A thorough understanding of string in Java

Source: Internet
Author: User
Tags stringreplace
To understand how string works in Java, you must make it clear that string is an immutable class ). What is a non-mutable class? Simply put, an instance of a non-mutable class cannot be modified. The information contained in each instance must be provided at the time of creation, and remains unchanged throughout the lifecycle of the object. Why does Java design string as a non-mutable class? You can ask James Gosling :). But the non-variable class does have its own advantages, such as single state, simple object, easy to maintain.
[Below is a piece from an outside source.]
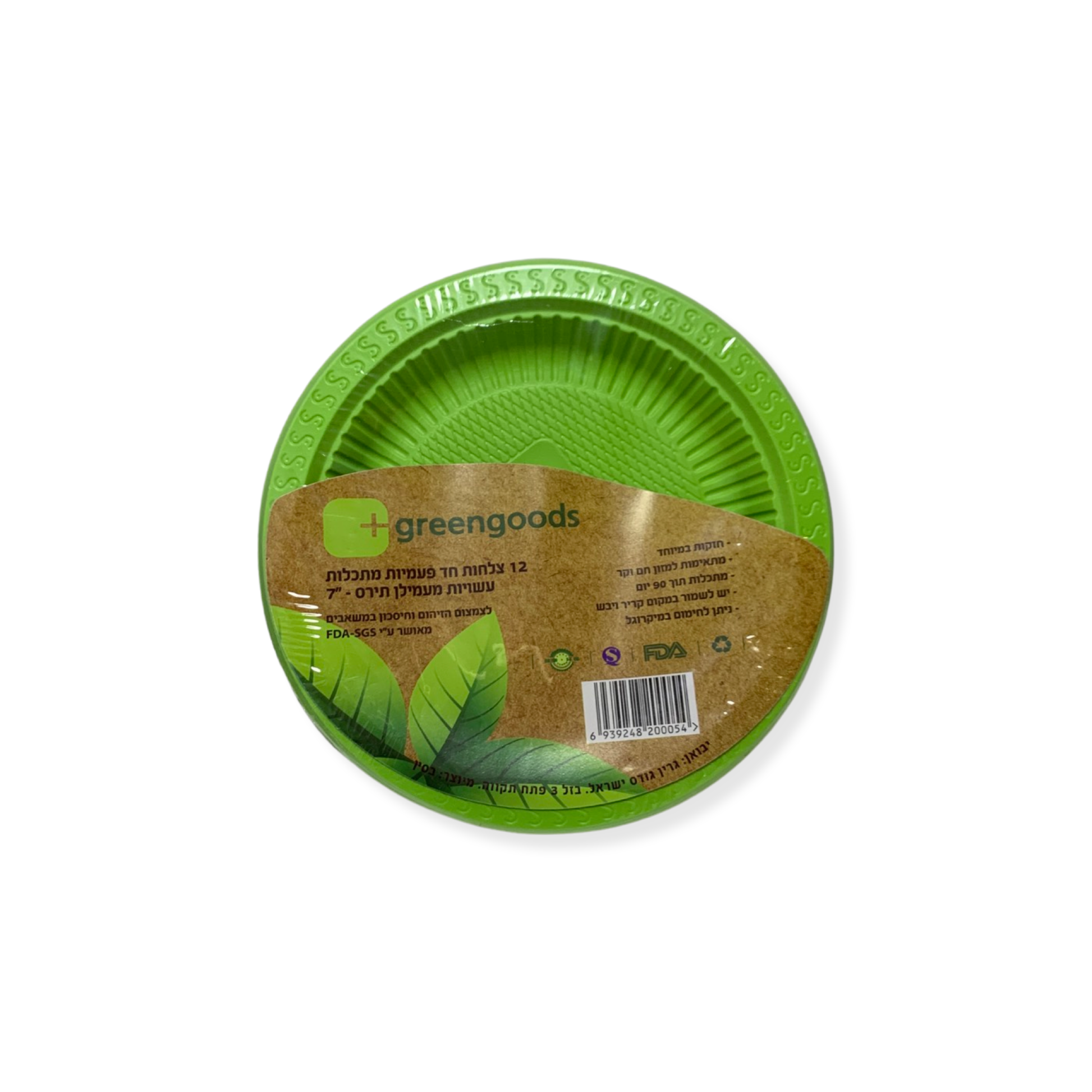 צלחת עמילן תירס ירוקה קטנה מתכלה 17 ס''מ - 12 יח

Second, such object objects are essentially thread-safe and do not require synchronization. In addition, users can share mutable objects or even their internal information. (For details, see
Objective Java item 13 ). The string class is widely used in Java and even has its presence in class files. Therefore, it is appropriate to design it as a simple and lightweight non-variable class. 1. Create.   Now that we know that string is a non-mutable class, we can further understand the string construction method. To create a stirng object, you can use either of the following methods:Java code string str1 = new string ("ABC "); Stirng str2 = "ABC ";     Although both statements return a reference to a string object, the JVM treats the two statements differently. For the first type, JVM will immediately create a String object in heap, and then return the reference of this object to the user. For the second type, JVM first searches for whether the string object is stored in the object pool in the strings pool maintained internally using the string equels method. If yes, the existing String object is returned to the user, instead of re-creating a new String object in heap. If the string object does not exist in the object pool, the JVM creates a new String object in heap, return the reference to the user and add the reference to strings.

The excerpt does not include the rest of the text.